Но не рухнул: ему предстоял теперь интересный допрос дворцового коменданта.
Сейчас намеревался он попить с Воейковым чайку, поражая его любезностью, и выведать о придворных изменах.
496
Ликоня вернулась: всё ли у нас так?Уже он посадил её на извозчика, она отъехала от гостиницы – и вдруг испытала – сжатие, сомнение: всё ли – так? А может – не поняла?.. А может – всё плохо?..

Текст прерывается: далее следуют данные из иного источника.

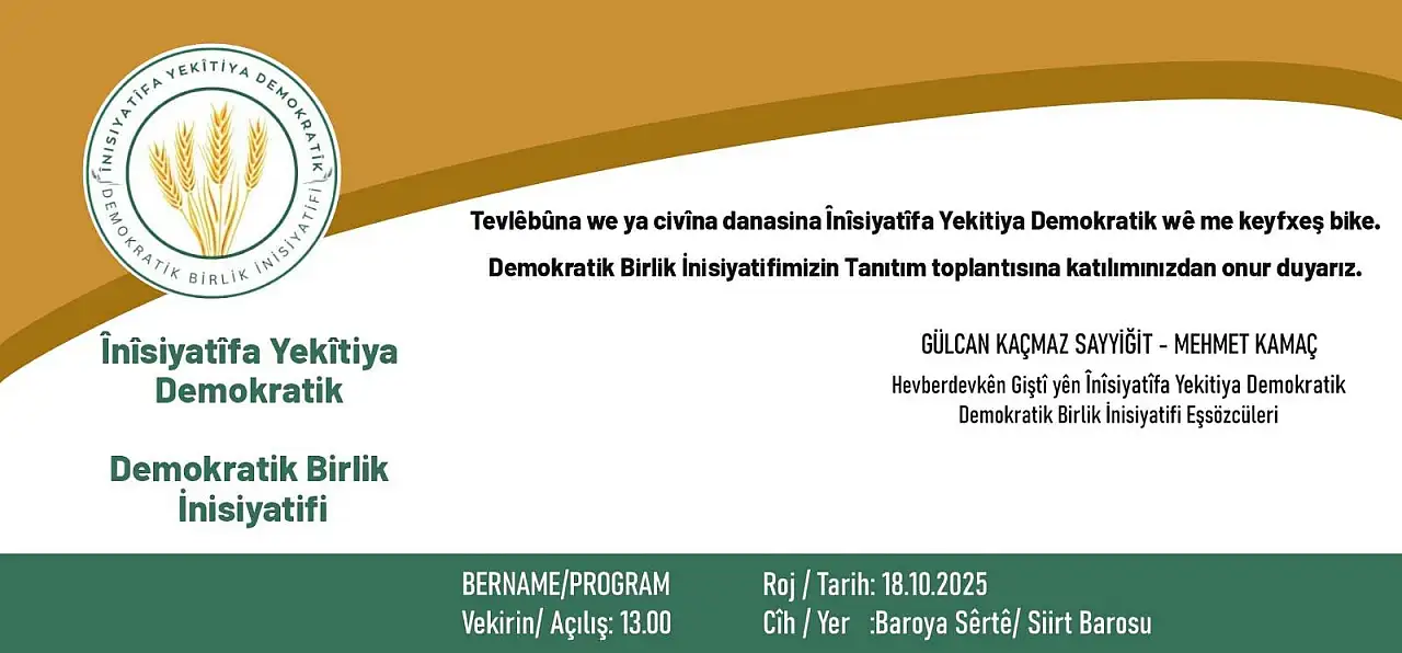 Demokratik Birlik İnisiyatifi (Înisiyatîfa Yekîtiya Demokratik), yarın Siirt Barosu Toplantı Salonu'nda düzenlenecek programla kamuoyuna tanıtılacak.

И – тотчас, пренебрегая недовольством извозчика, повернула его к подъезду, подождите, и, пренебрегая, что швейцар, – снова вверх по лестнице – и снова постучала к нему!
Открыл удивлённый.
Задыхалась:
– Я только подумала… Всё у нас – так?.. Всё – хорошо?.. Ну, я только для этого. Я ухожу…
Но – ещё, ещё повисела в его руках. И он опять пошёл проводить.
Никто их не видел на тёмной улице, а – как в многолюдном торжестве: смотрите! смотрите все!
Приехала домой – а глаза такие счастливые.
И хорошо – быть такой!
Как необыкновенно с ним – нельзя передать! Всё вокруг – он. За что ей это?
О, хотя бы завтра, как сегодня!
И – ещё потом.
И – куда бы ни позвал.
Но если и никогда ни разу больше – это уже всё в ней. На всю жизнь.
У Ликони теперь так много, что отбирай, отбирай – нельзя отобрать всего.
497
Генерал Алексеев даёт согласие объявить прощальный приказ Государя. – Кисляков открывает ему приказ об аресте царя.Тягуче невыносимо затянулось царское пребывание в Ставке. Но чувство стеснения перед бывшим Государем испытывал Алексеев не только от этого. Нет.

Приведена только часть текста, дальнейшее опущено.